# How to complete this task:
Return only the lines from the top of the data down to the one that holds "[Telegrama] 1951 abr.", both included, without any pictures.

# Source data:
/---

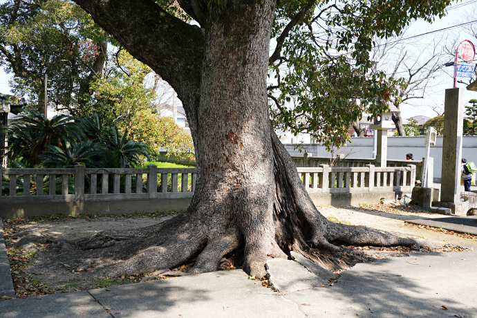 | ●境内を被うほどに広がったクスノキ。地上2mほどで三幹に分岐しています。 | |
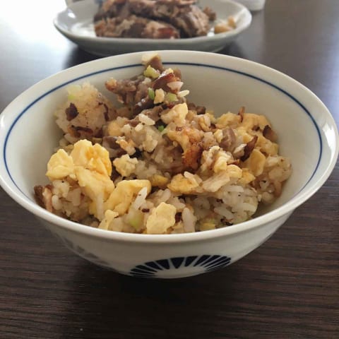 テフロンフライパンを傷めず、よそんちで普通にある調理器具のみを使ったチャーハンができるといいなと思っている。
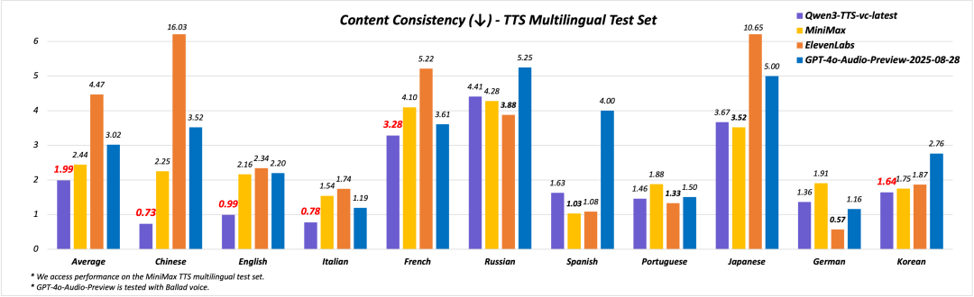 多语种音色克隆:在 MiniMax TTS Multilingual Test Set 上,Qwen3-TTS 在中、英、法、意大利等语项的内容稳定性优于 MiniMax、ElevenLabs 及 GPT-4o-Audio-Preview;其平均词错误率(WER)位居第一。
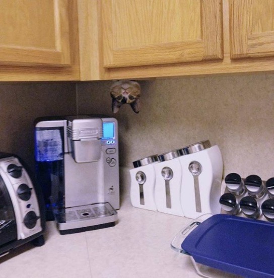 Find my cat in the picture. I'll give you a hint she is not on the countertop.
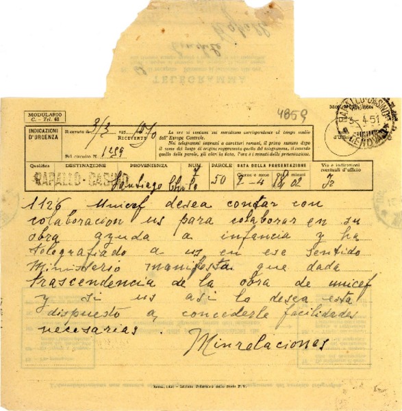 [Telegrama] 1951 abr. 19, Santiago, Chile [a] Gabriela Mistral [manuscrito] Ministerio de Relaciones [Exteriores y Comercio].
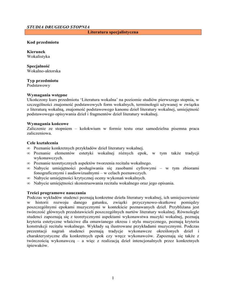 STUDIA DRUGIEGO STOPNIA Literatura specjalistyczna Kod przedmiotu Kierunek Wokalistyka Specjalność Wokalno-aktorska Typ przedmiotu Podstawowy Wymagania wstępne Ukończony kurs przedmiotu ‘Literatura wokalna’ na poziomie studiów pierwszego stopnia, w szczególności znajomość podstawowych form wokalnych, terminologii używanej w związku z literaturą wokalną, znajomość podstawowego kanonu dzieł literatury wokalnej, umiejętność podstawowego opisywania dzieł i fragmentów dzieł literatury wokalnej. Wymagania końcowe Zaliczenie ze stopniem – kolokwium w formie testu oraz samodzielna pisemna praca zaliczeniowa. Cele kształcenia • Poznanie konkretnych przykładów dzieł literatury wokalnej. • Poznanie elementów estetyki wokalnej różnych epok, w tym także tradycji wykonawczych. • Poznanie teoretycznych aspektów tworzenia recitalu wokalnego. • Nabycie umiejętności posługiwania się zasobami cyfrowymi – w tym zbiorami fonograficznymi i audiowizualnymi – w celach poznawczych. • Nabycie umiejętności krytycznej oceny wykonań wokalnych. • Nabycie umiejętności skonstruowania recitalu wokalnego oraz jego opisania. Treści programowe nauczania Podczas wykładów studenci poznają konkretne dzieła literatury wokalnej, ich umiejscowienie w historii rozwoju danego gatunku, związki przyczynowo-skutkowe pomiędzy poszczególnymi epokami muzycznymi w kontekście poznawanych dzieł. Przybliżana jest twórczość głównych przedstawicieli poszczególnych nurtów literatury wokalnej. Równolegle studenci zapoznają się z teoretycznymi aspektami wykonawstwa muzyki wokalnej, poznają kryteria estetyczne właściwe dla omawianego okresu i stylu muzycznego, poznają kryteria konstrukcji recitalu wokalnego. Wykłady są ilustrowane przykładami muzycznymi. Podczas prezentacji nagrań studenci poznają tradycje wykonawcze określonych dzieł i charakterystyczne dla konkretnych epok czy wręcz wykonawców. Zapoznają się także z twórczością wykonawczą – a więc z realizacją dzieł intencjonalnych przez konkretnych śpiewaków. 1 Efekty kształcenia (uczenia się) po ukończeniu przedmiotu - w zakresie wiedzy • Posiada gruntowną znajomość ogólnego repertuaru z zakresu literatury wokalnej i związanych z nim tradycji wykonawczych – w szczególności: zna sposoby podziału literatury wokalnej, zna konkretne przykłady dzieł literatury wokalnej z każdej z omawianych grup literatury, zna tradycje wykonawcze związane z określonymi dziełami w kontekście szkół wokalnych, ze szczególnym uwzględnieniem okresu tzw. drugiego belcanta (K2_W01). • Posiada szczegółową wiedzę dotyczącą repertuaru wybranej specjalności oraz posiadać wiedzę dotyczącą związanego z nią piśmiennictwa– w szczególności zna dzieła operowe, operetkowe i oratoryjne wybranych kompozytorów, zna twórczość pieśniarską wybranych kompozytorów, zna podstawową bibliografię przedmiotową związaną z literaturą wokalną (K2_W02). • Posiada wiedzę dotyczącą warsztatu badań teoretycznonaukowych; posiada umiejętność sprawnego korzystania ze źródeł informacji, zna sposoby analizowania i syntezy danych oraz prawidłowego ich interpretowania – w szczególności: zna sposoby tworzenia kwerend bibliotecznych, zna zasoby cyfrowe dotyczące literatury wokalnej (K2_W04). • Posiada wiedzę dotyczącą swobodnego korzystania z różnorodnych mediów (książki, nagrania, materiały nutowe, internet, nagrania archiwalne itp.) oraz umiejętność samodzielnego poszerzania i rozwijania wiedzy dotyczącej swej specjalności – w szczególności wie w jaki sposób korzystać z rejestracji fonograficznych w celach poznawczych dzieł literatury wokalnej (K2_W05). - w zakresie umiejętności • Posiada umiejętność tworzenia rozbudowanych prezentacji w formie słownej i pisemnej (także o charakterze multimedialnym) na tematy dotyczące zarówno własnej specjalizacji, jak i szerokiej problematyki z obszaru sztuki, wykazując zdolność formułowania własnych sądów i wyciągania trafnych wniosków – w szczególności: umie samodzielnie opisać recital wokalny na zadany temat w kontekście jego układu (K2_U13). - w zakresie kompetencji społecznych • Potrafi być w pełni kompetentnym i samodzielnym artystą, zdolnym do świadomego integrowania zdobytej wiedzy w obrębie specjalności oraz w ramach innych szeroko pojętych działań kulturotwórczych – w szczególności: potrafi skonstruować, łącząc wiedzę z różnych dziedzin w zakresie wokalistyki, zgodnie z omawianymi na zajęciach zasadami, recital wokalny na różne okazje (K2_K01). Metody nauczania Wykład prowadzony raz na dwa tygodnie w wymiarze dwóch godzin lekcyjnych z wykorzystaniem ilustracyjnych materiałów audio-wizualnych oraz technik prezentacyjnych. Niektóre zajęcia prowadzone w trybie seminaryjnym – tzn. wykład z aktywnym udziałem studentów. 2 Nakład pracy studenta potrzebny do osiągnięcia efektów uczenia się ROK SEMESTR Punkty ECTS Ilość godzin w semestrze Rodzaj zaliczenia LEGENDA I II 1 2 1 1 15 15 zs zs 3 4 zal – zaliczony; zs – zaliczenie ze stopniem; egz – egzamin; ed – egzamin dyplomowy Kryteria oceny Na ocenę uzyskiwaną po 1. semestrze składa się ocena aktywności studenta na zajęciach oraz ocena pracy zaliczeniowej, którą stanowi opis partii operowej dokonany w oparciu o materiał wykładowy. Na ocenę uzyskiwaną po 2. semestrze składa się ocena aktywności studenta na zajęciach, ocena z kolokwium sprawdzającego nabytą wiedzę oraz ocena z pracy zaliczeniowej w postaci opisu recitalu wokalnego na zadany temat ułożonego zgodnie z kryteriami omawianymi podczas wykładów. Literatura (piśmiennictwo) Adrjański, Zbigniew: Złota księga pieśni polskich, DW Bellona, Warszawa 2002 Alszwang, Arnold: Czajkowski, PWM, Kraków 1979 Ancz ykowska-W ysocka, Wiesława: Poznawcza rola literatury wokalnej w kształceniu muzycznym wokalistów
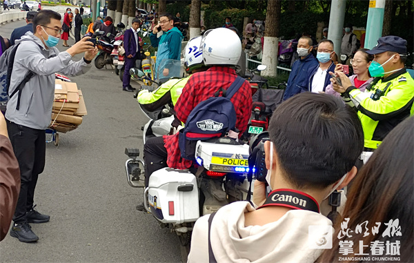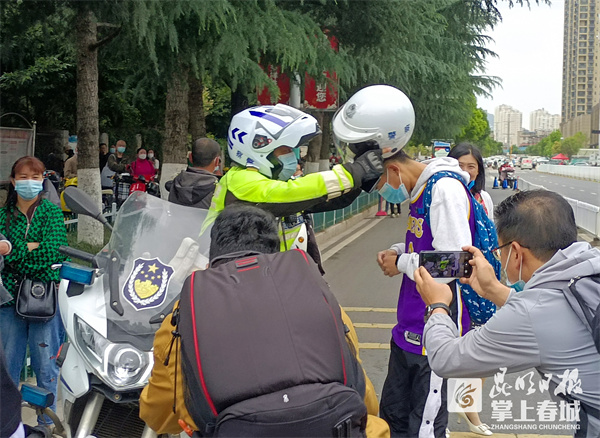 7时33分,交警载着考生安全返回昆一中西山学校考点,考生道了一声“谢谢!”拿着准考证顺利进入考场。
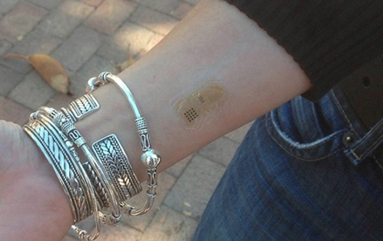 Электронная «татуировка» наносится на руку и состоит из крепления и гибкой электронной схемы с датчиком и антеннами. Регина Дуган сделала себя такую перед конференцией и уверяет, что если в будущем устройства получат приемники сигналов от татуировок, это решит проблему компьютерной безопасности и облегчит авторизацию.
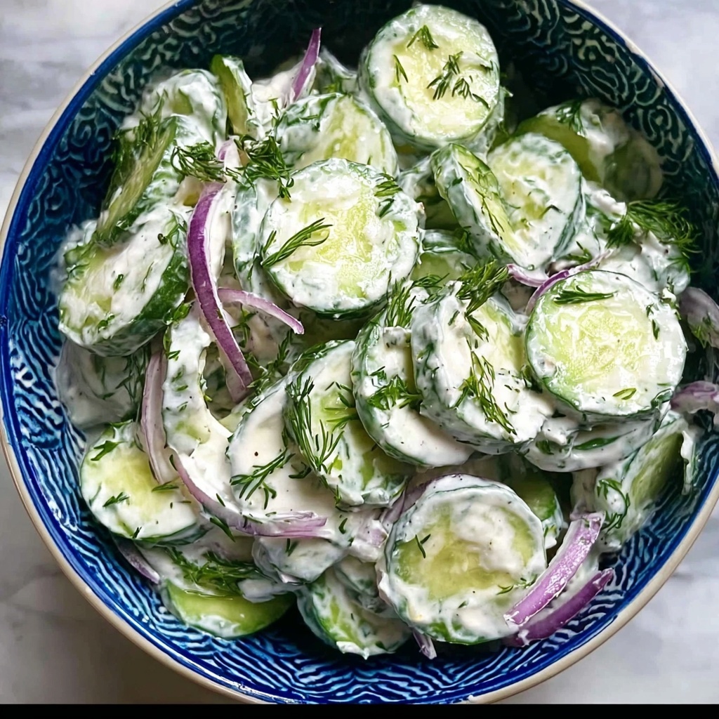 This Cool and Creamy Tzatziki Cucumber Salad is a refreshing and healthy dish perfect for warm days or as a light side. Crisp English cucumber and sharp red onion are coated in a luscious homemade tzatziki dressing made from Greek yogurt, fresh herbs, garlic, and lemon. The salad is quick to prepare, bursting with vibrant Mediterranean flavors, and can be served immediately or chilled for enhanced taste.
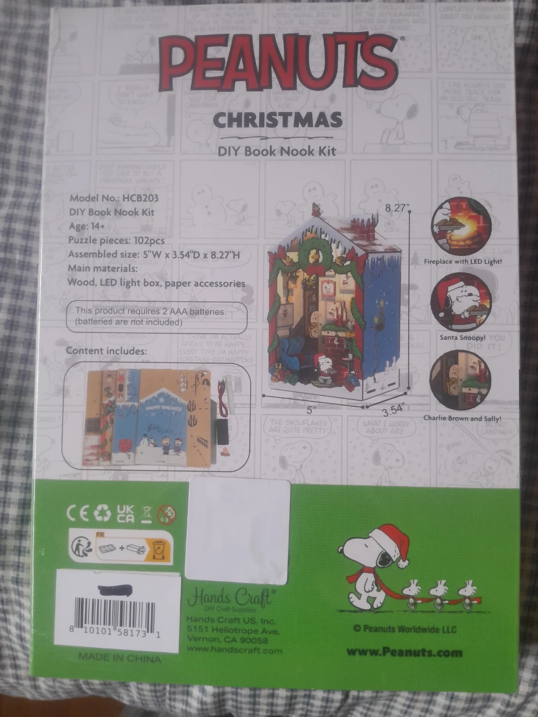 Build your own festive Peanuts Christmas scene with this DIY Book Nook Kit. It features 102 puzzle pieces and includes wood, LED light box, and paper accessories. Requires 2 AAA batteries (not included).

\---

# Answer area:
 | ●境内を被うほどに広がったクスノキ。地上2mほどで三幹に分岐しています。 | |
 テフロンフライパンを傷めず、よそんちで普通にある調理器具のみを使ったチャーハンができるといいなと思っている。
 多语种音色克隆:在 MiniMax TTS Multilingual Test Set 上,Qwen3-TTS 在中、英、法、意大利等语项的内容稳定性优于 MiniMax、ElevenLabs 及 GPT-4o-Audio-Preview;其平均词错误率(WER)位居第一。
 Find my cat in the picture. I'll give you a hint she is not on the countertop.
 [Telegrama] 1951 abr. 19, Santiago, Chile [a] Gabriela Mistral [manuscrito] Ministerio de Relaciones [Exteriores y Comercio].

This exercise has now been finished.